Restate word for word the lines below that run from the one holding "Thesamepairplotis alsovisualizedtofindarelationship with" through the one holding "Статья: МЕРЫ ИНДИВИДУАЛЬНО-ПРОФИЛАКТИЧЕСКОГО", inclusive. Pictures don't belong in the copy.

### INFORMATION GIVEN
====

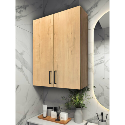 Шкаф в ванную навесной размером 60х74х20 см – это стильный и практичный предмет мебели, который не только дополнит интерьер, но и поможет организовать в ней порядок. Шкаф для ванной комнаты предназначен для хранения косметики, бритвенных принадлежностей, шампуней, гелей и различных аксессуаров для ванны. Его также можно установить как шкаф над стиральной машиной или как шкаф навесной в туалет. Благодаря компактным габаритам шкаф с полками не займет много места в пространстве комнаты и отлично впишется в интерьер даже небольшой ванной комнаты. Шкаф настенный 60 может быть использован как кухонный шкаф для хранения продуктов и посуды. Настенная полка подойдет не только для ванной комнаты, но и для туалета. Корпус и фасады шкафа изготовлены из высококачественной ЛДСП класса Е1, что полностью соответствует международным стандартам ГОСТ по экологическим показателям и безопасна даже для изготовления детской мебели. Для отделки торцов использована кромка ПВХ т. 1 мм, что надежно защитит вашу мебель не только от механических сколов, но и от влаги. Шкаф настенный оснащен качественной фурнитурой с доводчиками для плавного закрывания дверок. Внутри расположены две полки. Полки для хранения с возможностью перестановки по высоте с шагом 6 см позволяют разместить различные хозяйственные средства и эргономично использовать внутреннее пространство. Дверцы шкафа украшены оригинальными ручками черного цвета. Шкаф навесной имеет настенное крепление. Поставляется в разобранном виде. В комплект входит подробная инструкция по сборке и необходимая крепежная фурнитура. Выбирая шкаф VITAMIN, вы получаете стильный, практичный и функциональный элемент мебели, который прослужит вам долгие годы.
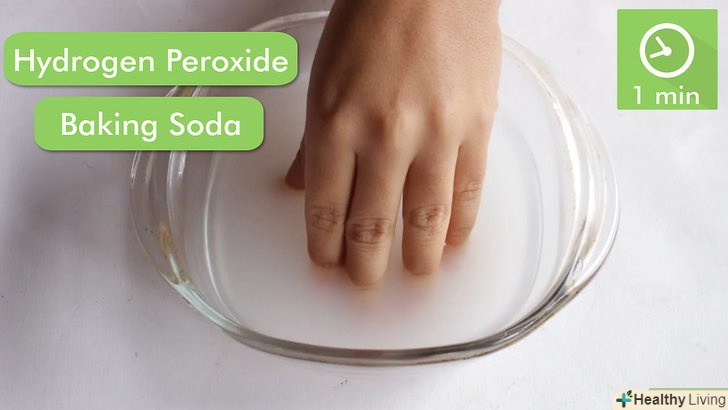 Відбіліть нігті після використання темного лаку. темні лаки для нігтів можуть забруднювати нігті під ними, пробиваючись через новий лак, який ви хочете нанести. Ви можете відбілити нігті за допомогою суміші гарячої води, перекису водню і харчової соди.- Змішайте 1 ст.л. (15 мл) перекису водню з 2 ст. л. (30 мл) харчової соди в ємності з 250 мл теплої або гарячої води. Замочіть нігті з плямами в цьому розчині на хвилину.
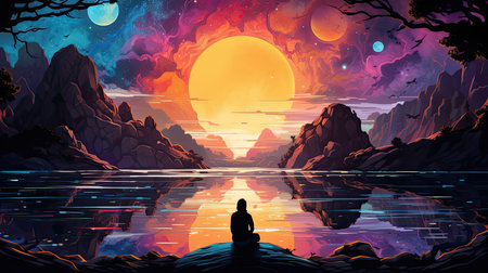 Fantasy landscape with man meditating on the lake.
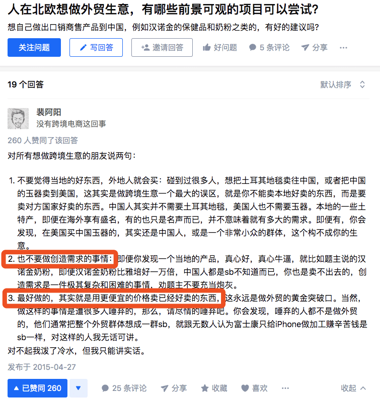 观潮新消费(ID:TideSight)在知乎上查询到一位名为“裴阿阳”的用户,曾多次回答跨境电商相关问题,言辞犀利,理解深刻而又独特。
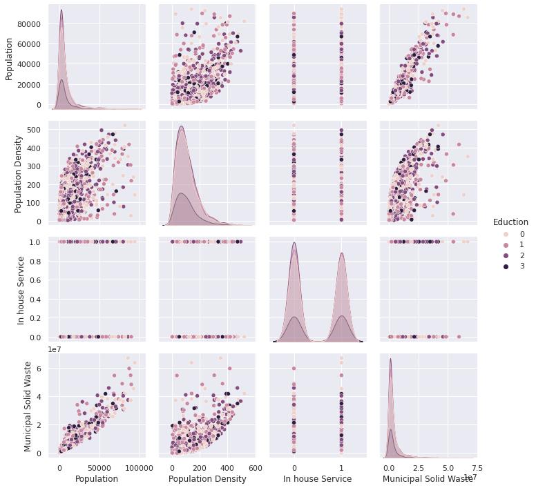 Thesamepairplotis alsovisualizedtofindarelationship with the average education of the inhabitant as shown in fig. 2. Education of people also plays a vital role in MSW. Hence the same pair plot is also categorized by average education of region to gain insight for same. It was observed from fig 2 that the relationship between MSW and average education of the inhabitants was comparativelyweek.
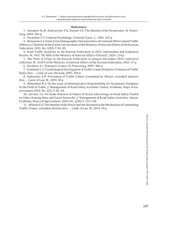 Статья: МЕРЫ ИНДИВИДУАЛЬНО-ПРОФИЛАКТИЧЕСКОГО ВОЗДЕЙСТВИЯ НА ЛИЦ, СОВЕРШАЮЩИХ ДОРОЖНО-ТРАНСПОРТНЫЕ ПРЕСТУПЛЕНИЯ (2025)
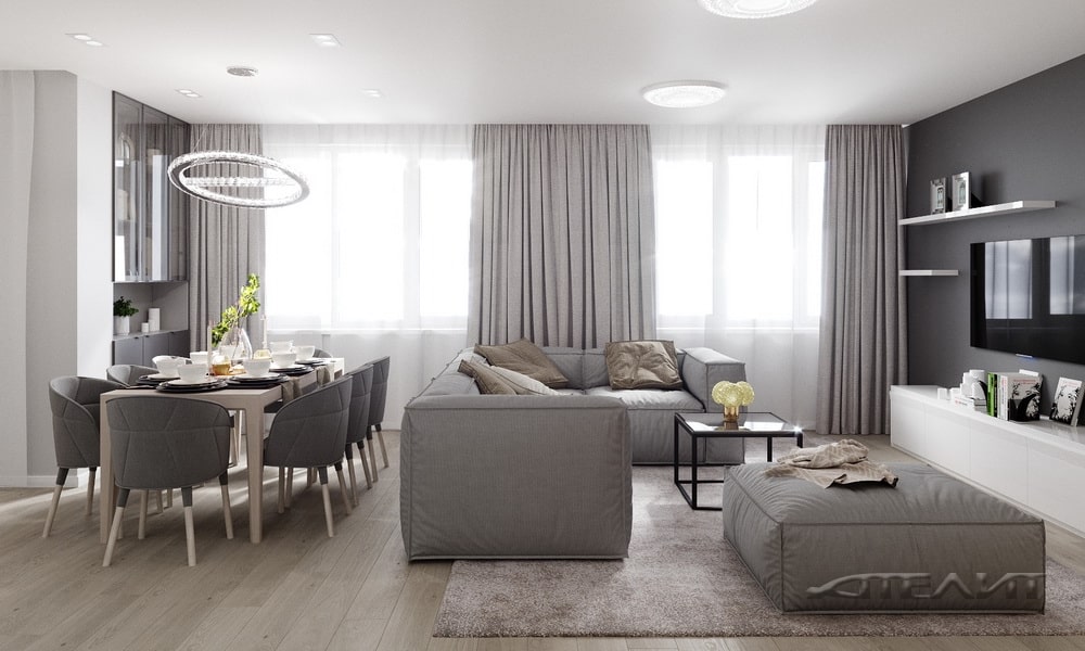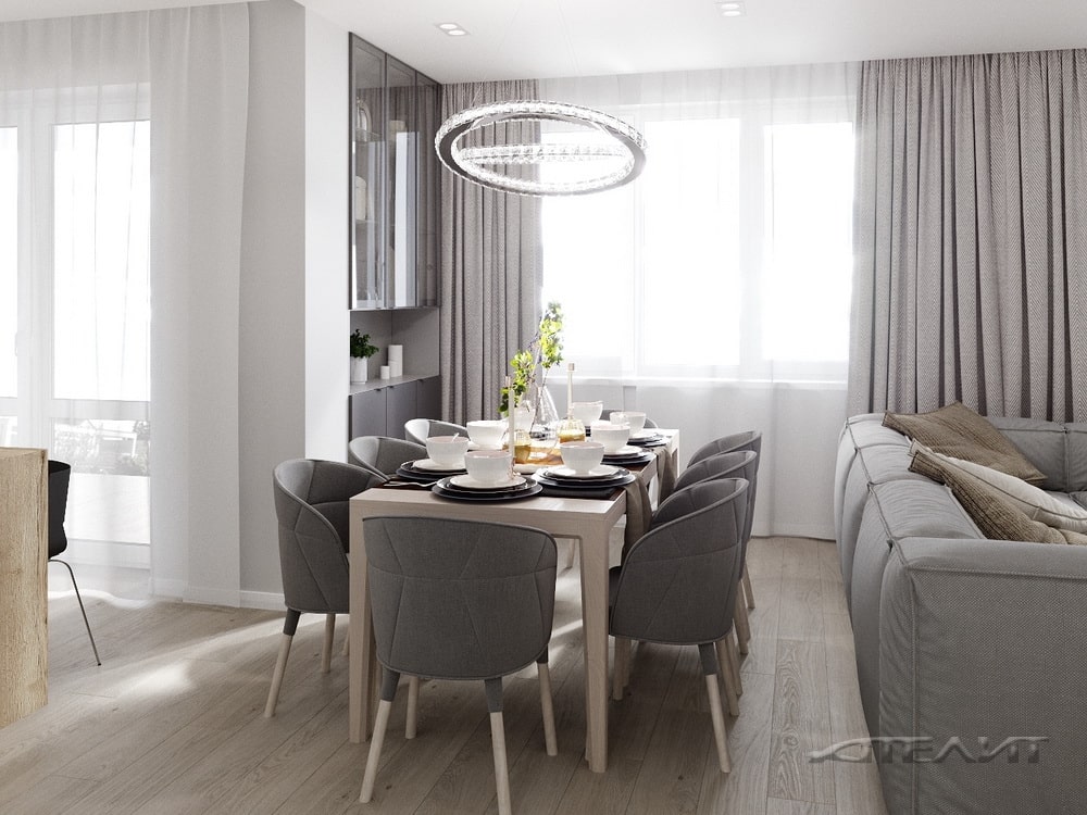 Специалисты компании «Ателит» объединили гостиную, кухню и столовую. Здесь много мебели, но ее количество нельзя уменьшить, потому что именно здесь по вечерам собирается вся семья. Чтобы не перегружать помещение, дизайнеры отказались от дополнительных элементов зонирования. Особый шарм помещению придает дизайнерский светильник над обеденным столом. Использование в отделке натуральной древесины сделало помещение теплее.

====

### RESPONSE BELOW
 Thesamepairplotis alsovisualizedtofindarelationship with the average education of the inhabitant as shown in fig. 2. Education of people also plays a vital role in MSW. Hence the same pair plot is also categorized by average education of region to gain insight for same. It was observed from fig 2 that the relationship between MSW and average education of the inhabitants was comparativelyweek.
 Статья: МЕРЫ ИНДИВИДУАЛЬНО-ПРОФИЛАКТИЧЕСКОГО ВОЗДЕЙСТВИЯ НА ЛИЦ, СОВЕРШАЮЩИХ ДОРОЖНО-ТРАНСПОРТНЫЕ ПРЕСТУПЛЕНИЯ (2025)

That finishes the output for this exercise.